We have learned how a modifier is constructed in the previous post.

In this post we will learn how a modifier is applied.

We have already known that a modifier defines a derived ModifierTypeInfo structure. Take Array modifier as an example, its ModifierTypeInfo is defined in the file source/blender/modifiers/intern/MOD_array.c.

The applyModifier function in ModifierTypeInfo seems to be the place where actual modifier execution happens. We can set a break point in it and do some tracing.

Following is a call stack for the applyModifier function:

arrayModifier_doArray(ArrayModifierData * amd, Scene * scene, Object * ob, DerivedMesh * dm, ModifierApplyFlag flag)
applyModifier(ModifierData * md, Object * ob, DerivedMesh * dm, ModifierApplyFlag flag)
modwrap_applyModifier(ModifierData * md, Object * ob, DerivedMesh * dm, ModifierApplyFlag flag)
mesh_calc_modifiers(Scene * scene, Object * ob, float[3] * inputVertexCos, DerivedMesh * * deform_r, DerivedMesh * * final_r, int useRenderParams, int useDeform, int needMapping, unsigned __int64 dataMask, int index, int useCache, int build_shapekey_layers)
mesh_build_data(Scene * scene, Object * ob, unsigned __int64 dataMask, int build_shapekey_layers, int needMapping)
makeDerivedMesh(Scene * scene, Object * ob, BMEditMesh * em, unsigned __int64 dataMask, int build_shapekey_layers)
BKE_object_handle_data_update(EvaluationContext * eval_ctx, Scene * scene, Object * ob)
BKE_object_handle_update_ex(EvaluationContext * eval_ctx, Scene * scene, Object * ob, RigidBodyWorld * rbw, const bool do_proxy_update)
scene_update_object_func(TaskPool * pool, void * taskdata, int threadid)
BLI_task_pool_work_and_wait(TaskPool * pool)
scene_update_objects(EvaluationContext * eval_ctx, Main * bmain, Scene * scene, Scene * scene_parent)
scene_update_tagged_recursive(EvaluationContext * eval_ctx, Main * bmain, Scene * scene, Scene * scene_parent)
BKE_scene_update_tagged(EvaluationContext * eval_ctx, Main * bmain, Scene * scene)
wm_event_do_notifiers(bContext * C)
WM_main(bContext * C)
main(int argc, const unsigned char * * UNUSED_argv_c)

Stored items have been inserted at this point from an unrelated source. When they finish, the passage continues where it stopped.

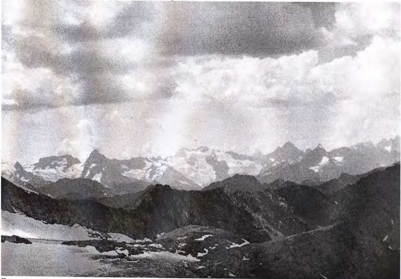
Вид на запад с перевала Джолсузчат.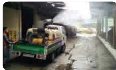
| 공장내부 소독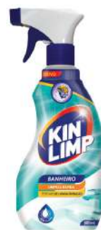
1405 KIN LIMP BANHEIRO 500ML CX/12 7896050506011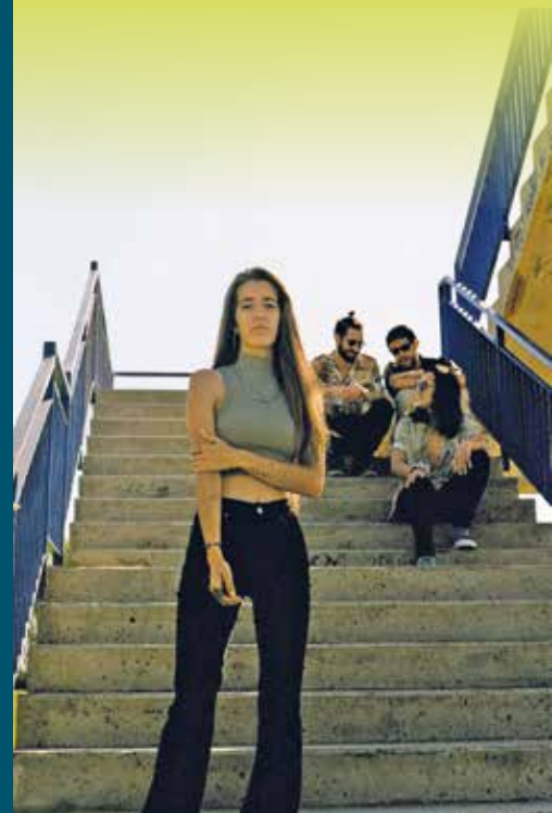
▲ Imatge promocional de Reland. FANNY ORTIZ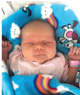
Pola , 3 maja 4460 g, 59 cm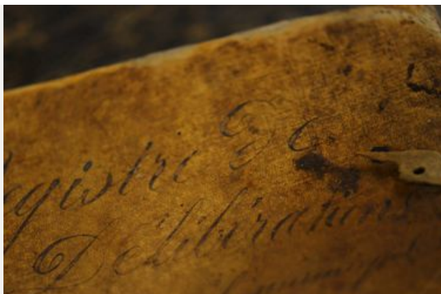
La Terreur, le curé et le registre des délibérations de Saint-Marcellin-les-Vaison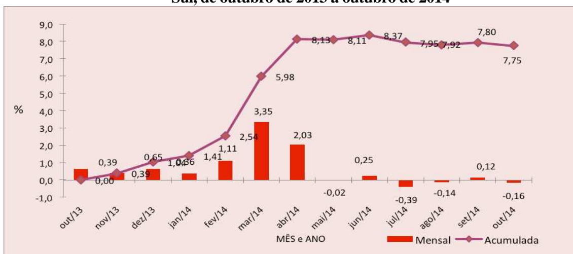
Figura 3: Variação percentual mensal e acumulada do custo da cesta básica em Caxias do Sul, de outubro de 2013 a outubro de 2014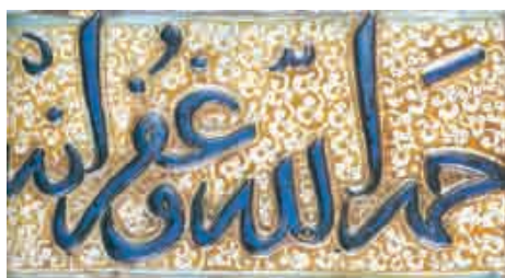
تصویر ۳. کتیبه نقش برجسته زرین‌فام، به خط ثلث، ساخت کاشان، احتمالاً برای مزار شیخ عبدالصمد نطنزی

بدنه کاشی‌های زرین‌فام همواره به دو شکل تخت یا خشتی با سطح برجسته تولید می‌شد (تصویر ۲) اخرجمله زیباترین کاشی‌های خشتی برجسته می‌توان از کاشی‌های نقش برجسته تخت سلیمان و مرقد امام‌رضا(علیه‌السلام) و حضرت معصومه(علیها‌السلام) یاد کرد. در این شیوه ابتدا قالبی منفی از سطح کاشی (شامل نقشی که برجسته می‌شد) ساخته می‌شد و پس از خشت زنی ابتدا بدنه کاشی پخته و سپس با غرق کردن بدنه در لعاب قلع (لعاب اپک: که ترکیبی است از اکسید قلع و لعاب ترانس)، روی آن را از لایه سفید رنگ پوشانده و دوباره درون کوره می‌پختند. در پخت آخر لعاب زرین‌فام را هنرمند نقاش (که غالباً همان سفالگر و سازنده کاشی بود) روی سطوح برجسته می‌کشید و یا به صورت لایه‌ای بسیار نازک از لعاب در فضای منفی نقش می‌پاشید و اشکال گیاهی و خطوط را با خراش به‌وسیله یک جسم نوک تیز ایجاد می‌کرد. در برخی از نمونه‌ها علاوه بر رنگ سفید زمینه و رنگ زرین‌فام، از لعاب لاجوردی نیز برای قلم‌گیری و یا رنگ اندازی در برخی از قسمت‌ها استفاده می‌شد. البته این عمل در هنگام دومین پخت انجام می‌گرفت.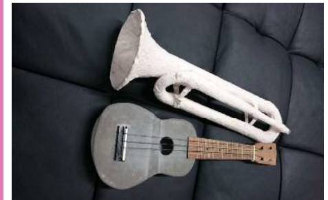
コンクリート製楽器の音色を聞いてみよう!

In the function mesh_calc_modifiers we see a loop through all modifiers:

for (; md; md = md->next, curr = curr->next) {
    // ...
    ndm = modwrap_applyModifier(md, ob, dm, app_flags);
    ASSERT_IS_VALID_DM(ndm);

    if (ndm) {
        /* if the modifier returned a new dm, release the old one */
        if (dm && dm != ndm) dm->release(dm);

        dm = ndm;
        // ...
    }
    // ...
}

Inside this loop each modifier gets executed in modwrap_applyModifier function.

We notice that a DerivedMesh(file source/blender/blenkernel/BKE_DerivedMesh.h) object(variable dm in the code) is passed to the modifier and then another DerivedMesh object(variable ndm in the code) is returned back to the caller. We can then conclude that the DerivedMesh is the media that gets passed through modifier stack. Here is the document for Derivedmesh.

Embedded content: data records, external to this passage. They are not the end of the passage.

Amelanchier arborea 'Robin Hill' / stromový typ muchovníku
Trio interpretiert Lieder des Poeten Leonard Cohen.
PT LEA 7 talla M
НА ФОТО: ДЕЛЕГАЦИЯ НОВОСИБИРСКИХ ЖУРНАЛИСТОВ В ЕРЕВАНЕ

Also note that the caller of a modifier always own the DerivedMesh object. If we construct a new DerivedMesh in our modifier like what the Array modifier does, the new derived mesh will be moved to the caller, and the old one will be released.

Now we go back to the function arrayModifier_doArray, where actual modifier action happens. This is a long function. I try to provide an overview of what it does.

In the beginning of arrayModifier_doArray it collects options and parameters from the ArrayModifierData(variable amd in following source code). For example:

const bool use_merge = (amd->flags & MOD_ARR_MERGE) != 0;
// ...
const bool use_offset_ob = ((amd->offset_type & MOD_ARR_OFF_OBJ) && amd->offset_ob);
// ...
count = amd->count;

Then it reads in the DerivedMesh which is passed from previous modifier in the modifier stack:

chunk_nverts = dm->getNumVerts(dm);
chunk_nedges = dm->getNumEdges(dm);
chunk_nloops = dm->getNumLoops(dm);
chunk_npolys = dm->getNumPolys(dm);
// ...
src_mvert = dm->getVertArray(dm);

After all information has been ready, a new derived mesh will be constructed:

result = CDDM_from_template(dm, result_nverts, result_nedges, 0, result_nloops, result_npolys);

Then we can write to this new derived mesh:

/* copy customdata to original geometry */
DM_copy_vert_data(dm, result, 0, 0, chunk_nverts);
DM_copy_edge_data(dm, result, 0, 0, chunk_nedges);
DM_copy_loop_data(dm, result, 0, 0, chunk_nloops);
DM_copy_poly_data(dm, result, 0, 0, chunk_npolys);
// ...

Finally the modifier finishes by returning the new derived mesh: return result;.

Now we have learned almost all about Blender modifier system, except that the dependency graph related functions in a modifier implementation. I leave these things to future posts.